Data to process Start Marker

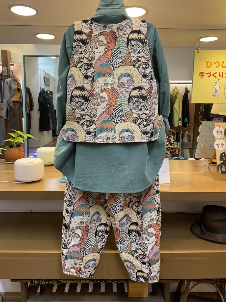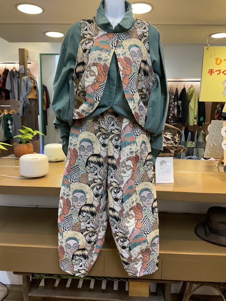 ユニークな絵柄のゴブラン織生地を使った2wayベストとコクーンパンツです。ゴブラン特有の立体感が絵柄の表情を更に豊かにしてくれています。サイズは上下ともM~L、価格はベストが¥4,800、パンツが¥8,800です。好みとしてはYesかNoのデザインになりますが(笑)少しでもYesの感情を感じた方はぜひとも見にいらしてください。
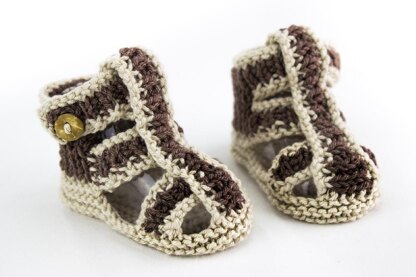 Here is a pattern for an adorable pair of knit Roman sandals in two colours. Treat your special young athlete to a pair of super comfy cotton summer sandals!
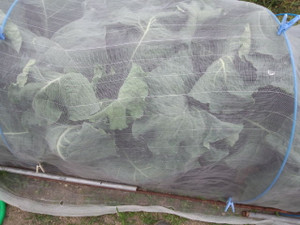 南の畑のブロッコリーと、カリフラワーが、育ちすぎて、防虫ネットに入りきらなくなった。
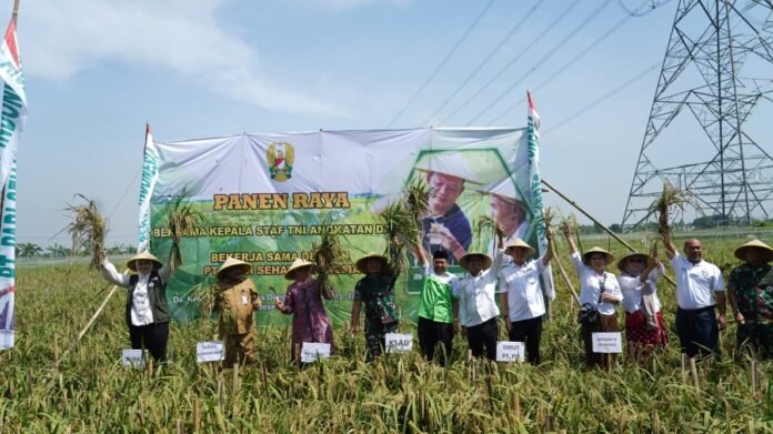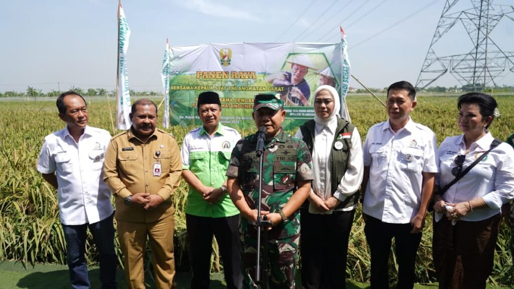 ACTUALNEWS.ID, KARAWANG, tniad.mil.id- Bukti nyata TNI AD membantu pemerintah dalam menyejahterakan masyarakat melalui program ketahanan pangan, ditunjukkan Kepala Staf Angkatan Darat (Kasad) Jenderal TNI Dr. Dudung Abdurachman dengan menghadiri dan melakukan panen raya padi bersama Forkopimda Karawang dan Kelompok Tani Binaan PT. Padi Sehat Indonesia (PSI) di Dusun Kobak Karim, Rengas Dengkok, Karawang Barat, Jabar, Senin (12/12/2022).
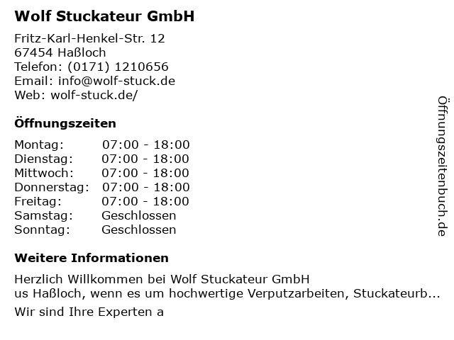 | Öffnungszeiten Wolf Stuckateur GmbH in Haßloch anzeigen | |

Data to process End Marker

**Exercise directions**
Drop the pictures; repeat each entry above exactly.

**The completed task**
 ユニークな絵柄のゴブラン織生地を使った2wayベストとコクーンパンツです。ゴブラン特有の立体感が絵柄の表情を更に豊かにしてくれています。サイズは上下ともM~L、価格はベストが¥4,800、パンツが¥8,800です。好みとしてはYesかNoのデザインになりますが(笑)少しでもYesの感情を感じた方はぜひとも見にいらしてください。
 Here is a pattern for an adorable pair of knit Roman sandals in two colours. Treat your special young athlete to a pair of super comfy cotton summer sandals!
 南の畑のブロッコリーと、カリフラワーが、育ちすぎて、防虫ネットに入りきらなくなった。
 ACTUALNEWS.ID, KARAWANG, tniad.mil.id- Bukti nyata TNI AD membantu pemerintah dalam menyejahterakan masyarakat melalui program ketahanan pangan, ditunjukkan Kepala Staf Angkatan Darat (Kasad) Jenderal TNI Dr. Dudung Abdurachman dengan menghadiri dan melakukan panen raya padi bersama Forkopimda Karawang dan Kelompok Tani Binaan PT. Padi Sehat Indonesia (PSI) di Dusun Kobak Karim, Rengas Dengkok, Karawang Barat, Jabar, Senin (12/12/2022).
 | Öffnungszeiten Wolf Stuckateur GmbH in Haßloch anzeigen | |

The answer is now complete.